At least with the move to Fox:

Canadians can be assured that they can watch the Smackdown side of the Superstar Shakeup live without needing to see if they have OLN or Sportsnet now.

I have OLN on my tv, and since I subscribe to Sportsnet on tv, I get SportsnetNow for free. But not everyone does


----------



## finalnight (Jul 18, 2009)

I don't even know why I'm watching this, the Superstar shake-up means nothing since there's no brand separation anymore


----------



## -XERO- (Jan 31, 2011)

emerald-fire said:


> Give us that Roman Reigns and Usos faction on Raw now!


----------



## reamstyles (Aug 9, 2016)

bradatar said:


> Usos are stars man.
> 
> 
> Sent from my iPhone using Tapatalk


from annoying dancing face team to the modern day bad ass tag teams we have in wrestling today


----------



## birthday_massacre (Jan 30, 2013)

finalnight said:


> I don't even know why I'm watching this, the Superstar shake-up means nothing since there's no brand separation anymore


that will change with Fox. Fox is demanding separation.


----------



## emerald-fire (Jan 30, 2017)

-XERO- said:


>


That short feud they had with AJ and The Club was fantastic.


----------



## EdgeheadStingerfan (Jan 6, 2012)

Can the wrestling gods just give us one more good thing in the WWE this year?

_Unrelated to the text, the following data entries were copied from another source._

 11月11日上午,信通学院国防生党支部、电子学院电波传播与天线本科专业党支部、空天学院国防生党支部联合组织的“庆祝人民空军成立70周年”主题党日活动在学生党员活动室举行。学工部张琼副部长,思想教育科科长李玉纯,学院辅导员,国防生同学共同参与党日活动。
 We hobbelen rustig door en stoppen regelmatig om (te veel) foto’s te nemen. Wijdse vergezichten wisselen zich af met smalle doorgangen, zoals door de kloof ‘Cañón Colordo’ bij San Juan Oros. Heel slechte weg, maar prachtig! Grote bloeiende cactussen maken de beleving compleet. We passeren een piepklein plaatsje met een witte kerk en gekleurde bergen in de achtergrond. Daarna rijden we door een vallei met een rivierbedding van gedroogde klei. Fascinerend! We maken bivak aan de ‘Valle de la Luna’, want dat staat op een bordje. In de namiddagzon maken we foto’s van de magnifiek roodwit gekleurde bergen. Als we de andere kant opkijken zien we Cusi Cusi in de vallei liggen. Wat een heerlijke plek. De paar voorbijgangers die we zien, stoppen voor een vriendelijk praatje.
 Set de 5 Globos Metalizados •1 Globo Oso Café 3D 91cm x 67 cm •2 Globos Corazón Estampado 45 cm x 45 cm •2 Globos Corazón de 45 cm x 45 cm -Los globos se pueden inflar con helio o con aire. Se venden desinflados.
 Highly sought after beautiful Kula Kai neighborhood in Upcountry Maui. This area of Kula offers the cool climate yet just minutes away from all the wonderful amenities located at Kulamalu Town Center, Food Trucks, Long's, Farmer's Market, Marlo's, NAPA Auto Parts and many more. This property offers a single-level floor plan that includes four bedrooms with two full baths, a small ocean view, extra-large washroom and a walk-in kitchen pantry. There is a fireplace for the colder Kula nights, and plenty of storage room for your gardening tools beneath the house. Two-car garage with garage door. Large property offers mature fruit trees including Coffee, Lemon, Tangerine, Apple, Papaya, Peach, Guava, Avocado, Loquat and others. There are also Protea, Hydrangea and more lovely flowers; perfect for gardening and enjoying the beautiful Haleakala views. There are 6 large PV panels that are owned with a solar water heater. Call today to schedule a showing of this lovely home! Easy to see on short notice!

1. Rollins wins the rumble.
2. Rollins beats Lesnar at Mania and wins the Universal Championship.
3. And lastly, Jason Jordan returns 100% healthy and continues his push!


----------



## Mr. WrestleMania (Oct 16, 2012)

Raw looking pretty good right now.

:bjpenn


----------



## ironcladd1 (Jan 3, 2012)

Cole should never, ever call an USO match


----------



## Chan Hung (Dec 28, 2011)

Roman Reigns faction please!!!


----------



## TheLooseCanon (Jun 18, 2013)

ironcladd1 said:


> Cole should never, ever call an USO match


Uso silly :cole


----------



## Mr. WrestleMania (Oct 16, 2012)

Reigns really needs to turn or something.


----------



## nWo4Lyfe420 (Apr 22, 2013)

EdgeheadStingerfan said:


> Can the wrestling gods just give us one more good thing in the WWE this year?
> 
> 1. Rollins wins the rumble.
> 2. Rollins beats Lesnar at Mania and wins the Universal Championship.
> 3. And lastly, Jason Jordan returns 100% healthy and continues his push!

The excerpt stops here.